The east end of the Eaton gymnasium is a testament to the stranglehold Jim Danley and his baseball team have had on the Weld County town for the past two decades. The Reds have won seven state titles, all since 1994, while the hoopsters haven’t been crowned champions since 1991.

“We’ll take it for what it is, but this is definitely a baseball town,” said Smith, a standout senior pitcher. “A state title would be huge in basketball, and it would do a lot for the baseball team as well.”

The man in charge of turning the basketball team around is Dean Grable, who, along with brother Keith (now a running backs coach at Northern Colorado) put Horizon High School on the map in the early and mid-1990s as top players who led runs to first the basketball and then the football title games in 1994. The 1994 basketball team, coached by Dave Lawrence, lost to George Washington, with Chauncey Billups and coach Bob Caton (now with Aurora Central), by four points.

At UNC, the Grables were part of the Bears’ Division II national championship football teams in 1996 and 1997 under Joe Glenn, now the coach at Wyoming.
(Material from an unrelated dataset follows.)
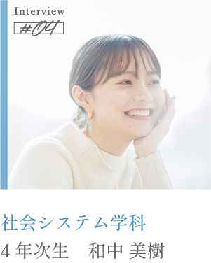 留学はもちろん同女で過ごした4年間で、社会に向ける自分の目線が高く広く育ったと思っています。留学先で身につけた異なる価値観を持つ人と対話する能力。幅広い知識を学んで得た、目の前の事象を多角的に見て問題を解決する力。これは卒業後も必ず役立つと思っています。就職予定のメーカーは、海外出張や駐在のチャンスもある会社。大学で得たコミュニケーション能力と問題解決能力を生かしながら、グローバルに活躍できる国際人をめざしていきたいです。

“Those were two of the most hard-nosed kids I’ve ever coached,” said Lawrence, who is on sabbatical this year from Horizon. “Back then, Dean was the mild-mannered type, and Keith would get all over him whenever he would screw something up.”

In just his third season at Eaton, the now not-so-mild-mannered Dean helped the Reds earn the Patriot League title and a top seed in the Ray Lutz Region of the 32-team bracket. Eaton, about 20 miles east of Fort Collins, defeated Basalt and Ignacio to reach the Great 8.

Grable was an assistant under Lawrence for five seasons at Horizon before reluctantly taking the job in Eaton.

After being told about the job by Eaton physical education teacher and former UNC receivers coach Larry Adams, Grable told principal Mark Naill he wasn’t quite ready.

But a few days later, Grable called back and said he “was ready for the challenge.”

“Coach Lawrence had a big influence on my life, and Coach Glenn said you always want to surround yourself with good people,” said Grable, who now favors the bald look to the Marines-style cut he and his brother had in high school. “I don’t know how (Lawrence) gets it done, but it seems like he can get his teams to do anything he wants.

“He’s not a screamer-and-yeller kind of guy, and I am just the opposite of that. I kind of get after the guys a little bit more than he does, but I think I still try to get the most out of my players like Coach Lawrence did.”

Danley, in his 33rd season in the dugout for Eaton, is in the mold of Lawrence. Danley’s postgame lectures, win or lose, are what he is known for.

“Nobody has a corner on the market of how to coach kids or what style works the best,” said Danley, who will be in attendance tonight for the basketball tournament game. “But it’s pretty different for those kids to go from Dean to me. Our dugout has been described as comatose at times.”

But one thing is certain: Success breeds success.

“No doubt, this is the best thing that could have happened for our baseball team,” Danley said.